Passive Components

Bagley Polygon Divider

/BAG-lee POL-ee-gon dih-VY-der/
A planar N-way power divider that uses a closed-loop polygon of transmission line segments to split an input signal into N equal-amplitude, equal-phase outputs over multi-octave bandwidth. Output ports are placed at equally spaced vertices of a regular polygon (triangle for 3-way, square for 4-way). Segment impedance: Z0√N. Bandwidth ratios of 4:1 or wider are achievable, far exceeding conventional Wilkinson or hybrid designs. Used in wideband phased array feeds and EW antenna networks.
Category: Passive Components
Bandwidth: 4:1+ (multi-octave)
Amplitude Balance: ±0.5 dB typical

Understanding Bagley Polygon Dividers

The Bagley polygon divider was developed to overcome the fundamental bandwidth limitation of conventional quarter-wave power dividers. A standard Wilkinson divider achieves perfect match and isolation only at the design frequency and its odd harmonics, yielding roughly 1.5:1 usable bandwidth. The polygon topology solves this by creating a closed-loop structure where signals reach each output through two complementary paths (clockwise and counterclockwise around the ring).
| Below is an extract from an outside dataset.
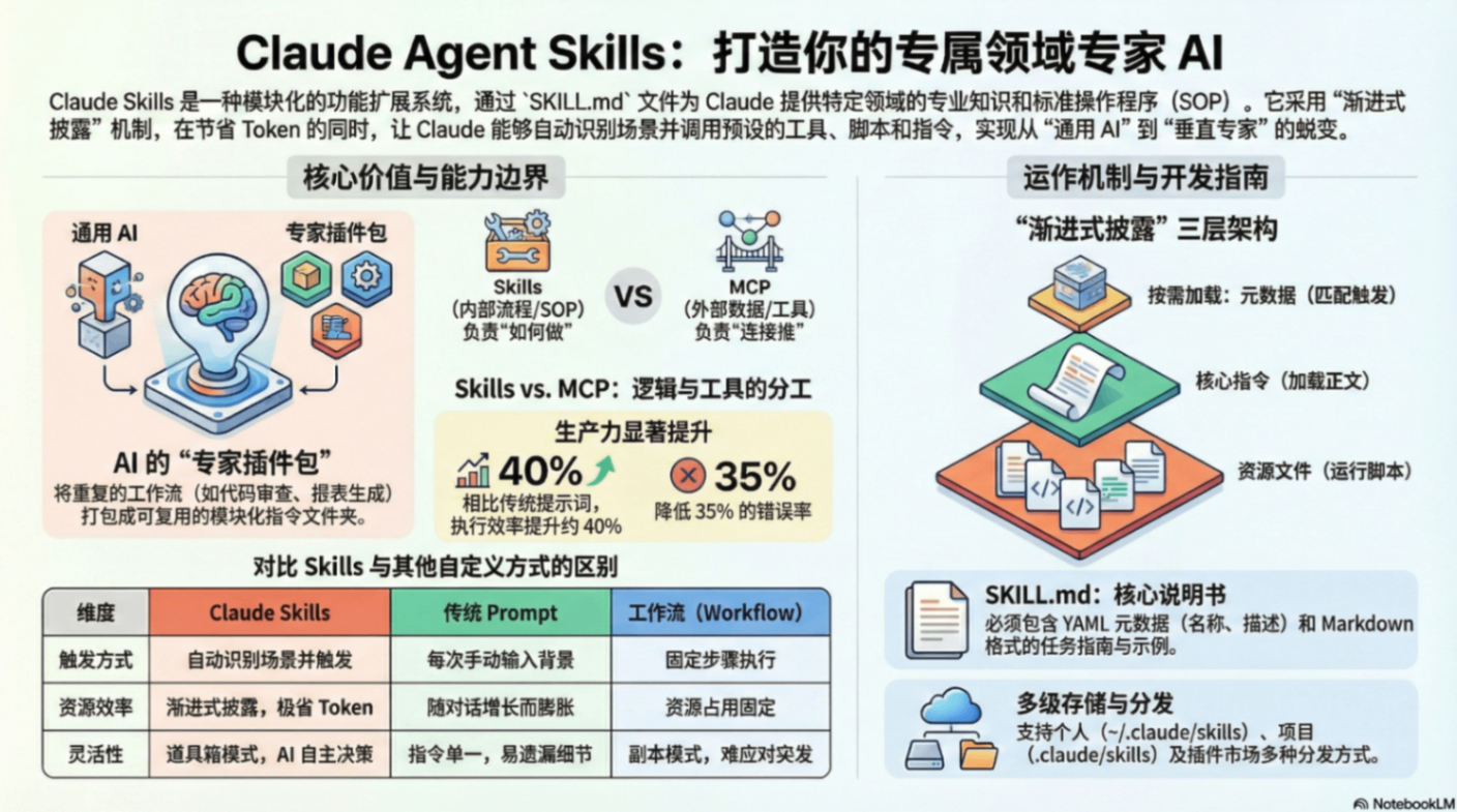 核心定义:Claude Skills 是一个包含指令、脚本和资源的模块化文件夹,通过动态加载机制(Dynamic Loading)实现专业任务的标准化执行,是解耦 AI 逻辑与上下文的核心工程手段。

As frequency shifts, the changing electrical lengths of these paths maintain constructive interference at the output ports across a much wider band.

The polygon geometry naturally enforces amplitude and phase symmetry. For an N-way split, the polygon has N vertices with output ports and one input vertex. The total perimeter is approximately one wavelength at center frequency, and the segment impedance is set to Z0√N to satisfy the impedance matching conditions at each junction. Practical implementations in microstrip or stripline must account for junction discontinuities, substrate dispersion, and inter-segment coupling, particularly above 10 GHz where the polygon becomes electrically compact.

Design Equations

Segment Impedance (N-way split):
Zseg = Z0 × √N
3-way: Zseg = 50 × √3 = 86.6 Ω
4-way: Zseg = 50 × √4 = 100 Ω

Segment Electrical Length:
θseg = 360° / (N + 1) at center frequency

Ideal Split Loss:
Lsplit = 10 log10(N) dB
3-way: 4.77 dB; 4-way: 6.02 dB; 5-way: 6.99 dB

Bagley Polygon vs. Other N-Way Dividers

TopologyBandwidthAmplitude BalancePhase BalanceComplexityScalability
Bagley Polygon4:1+±0.5 dB±3°ModerateGood (N ≤ 6)
Wilkinson (single)1.5:1±0.2 dB±1°LowBinary only (2n)
Wilkinson (multi-section)3:1±0.3 dB±2°HighBinary only (2n)
Radial Divider10:1+±0.5 dB±2°HighExcellent (N ≤ 32)
Corporate (cascaded)2:1±0.5 dB±5°ModerateBinary only (2n)
Common Questions

Frequently Asked Questions

How does the Bagley polygon achieve wider bandwidth than Wilkinson dividers?

The closed-loop polygon creates multiple resonant paths between input and each output. At any frequency, signals reach outputs through clockwise and counterclockwise paths. As frequency changes, the electrical lengths shift, but the polygon symmetry maintains constructive interference across a 4:1 or wider band, compared to the single quarter-wave resonance of a Wilkinson (1.5:1 bandwidth).

What determines the segment impedance?

For an N-way divider in a Z0 system, each polygon segment must have impedance Zseg = Z0√N. A 3-way in 50 Ω: 86.6 Ω. A 4-way: 100 Ω. For high N, the segment impedance becomes impractically high for microstrip (5-way: 111.8 Ω), often requiring stripline or suspended substrate where higher impedances are achievable.

Where are Bagley polygon dividers used?

Primary applications include wideband phased array feed networks for EW and SIGINT (2-18 GHz), broadband test fixtures for multi-port characterization, corporate feeds for Vivaldi antenna arrays, and multi-channel receiver front ends needing equal-phase wideband splitting. The planar topology integrates naturally into PCB antenna systems.